| WHAT YOU WILL DO |
Your answer should repeat exactly the lines from the one holding "Adorn yourself in" through the end of the data, and it should contain no pictures.

| GIVEN INFORMATION |
*** Block opens ***
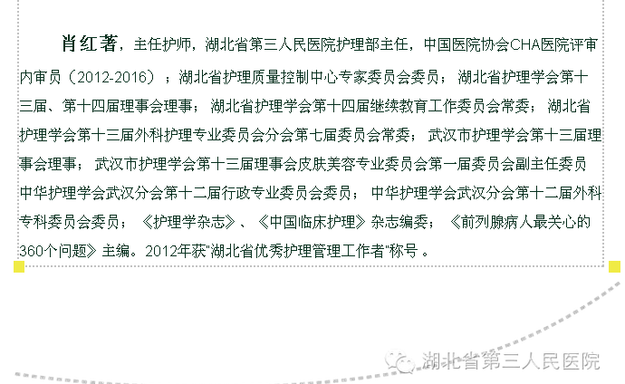 湖北省第三人民医院是湖北省卫生计生委直管的三级甲等综合医院。医院现有护理人员522人,其中副主任护师27名,主管护师124名,护师126名,护士245名;大专及以上学历护士占全院护士总数85%以上。
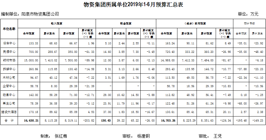 物資集團(tuán)所屬單位2019年1-6月預(yù)算匯總表
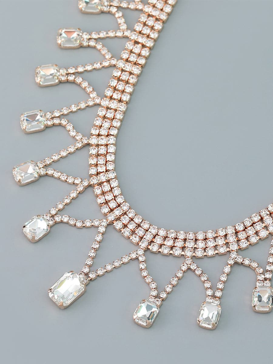 Adorn yourself in elegance with this glamorous crystal rhinestone necklace. Expertly crafted from high-quality materials for brilliance and sparkle, this exquisite necklace will instantly enhance any look.
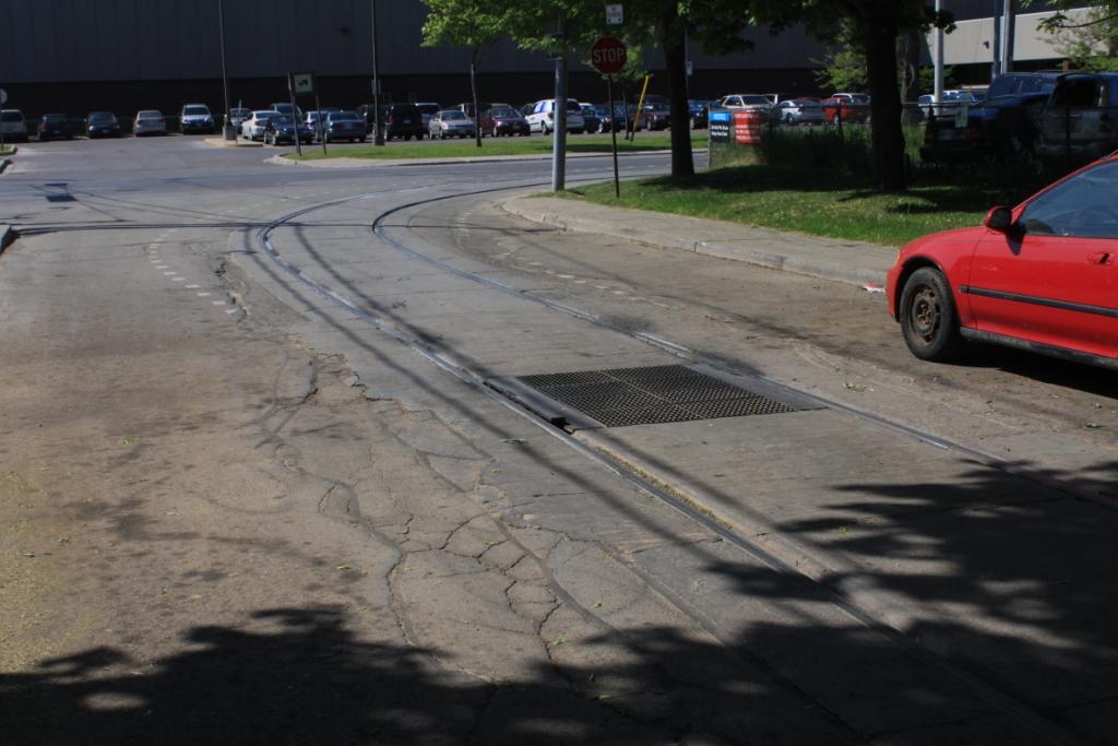 Published May 26, 2010 at 1024 × 683 in Ashbridge Carhouse Routing Options ← Previous Next → Connaught looking S at Eastern This is the intersection of Connaught and Eastern looking south. The metal grate between the rails holds a wheel greaser to minimize noise on this curve. Like Loading...
*** Block closes ***
| ANSWER TO THIS PROBLEM |
 Adorn yourself in elegance with this glamorous crystal rhinestone necklace. Expertly crafted from high-quality materials for brilliance and sparkle, this exquisite necklace will instantly enhance any look.
 Published May 26, 2010 at 1024 × 683 in Ashbridge Carhouse Routing Options ← Previous Next → Connaught looking S at Eastern This is the intersection of Connaught and Eastern looking south. The metal grate between the rails holds a wheel greaser to minimize noise on this curve. Like Loading...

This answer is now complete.